#RiseAbove

Protect your right to a stable climate and healthy environment!

People around the world are rising above the challenges of the climate crisis and reaching for a better future for us all. The movement is diverse and strong - from disaster survivors, frontline communities, Indigenous Peoples, farmers, youth, grandmothers, and more.  These people are pushing back because fossil fuel companies and governments are failing to protect and respect human rights.

Climate change threatens human rights. We are already experiencing the impacts, including sea-level rise, temperature increase, extreme weather events, and changes in precipitation. These in turn result in human rights impacts, such as loss of land, harm to clean water, reduction of food, dislocation, outbreak of disease, and even loss of life. People cannot and will not accept these threats and are taking action NOW to protect themselves and their families, communities, and future generations.

Thank you to all the organizations and individuals involved in these climate-related legal efforts around the world. You can connect with these efforts by clicking on the links in the descriptions in the photo slideshow below.

Will you join us?

We’re asking you, our supporters, to symbolically #RiseAbove climate injustice by supporting the heroes that are seeking to hold governments and the fossil fuel industry accountable for climate inaction.

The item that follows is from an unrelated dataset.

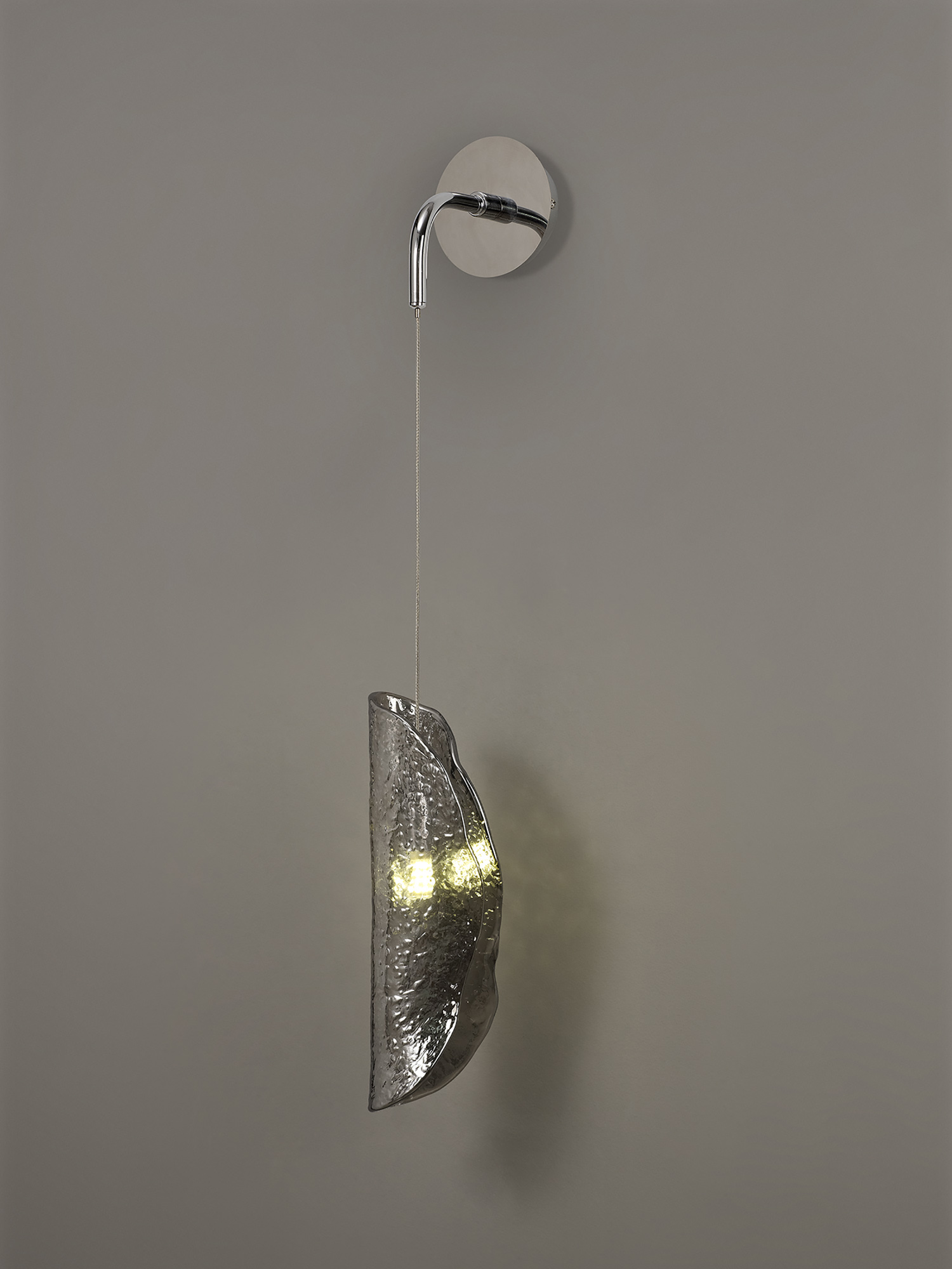 Scroll name is drawn from the wrapped glass pieces which diffuse the light emitted from the G9 lampholders, each suspended from an individual drop. With the picturesque smoked glass a serene ambience is provoked by the textured surface of the glass piece which shimmers beneath the coloured tint like light on water.

You can do this by sharing a jump shot photo with a message of solidarity and hope for the people fighting for the right to a stable climate and healthy environment is protected!

By doing this, you will be thanking movement builders involved in ongoing legal challenges for inspiring us all to #RiseAbove and act on climate.

Here's some hints to take a fantastic jump shot:
1.Write your message of hope & support or just the hashtag #RiseAbove on cardboard or paper;
2. Hold your cardboard and ask a friend to take a jump shot of you;
3. Upload it to your Twitter account, Instagram or favorite social site with the hashtag: #RiseAbove.

Key People-Powered legal actions related to climate change

Through their courageous leadership, these people are boldly and peacefully demanding action from Big Polluters and laggard Governments to safeguard our human rights to a stable climate and healthy environment.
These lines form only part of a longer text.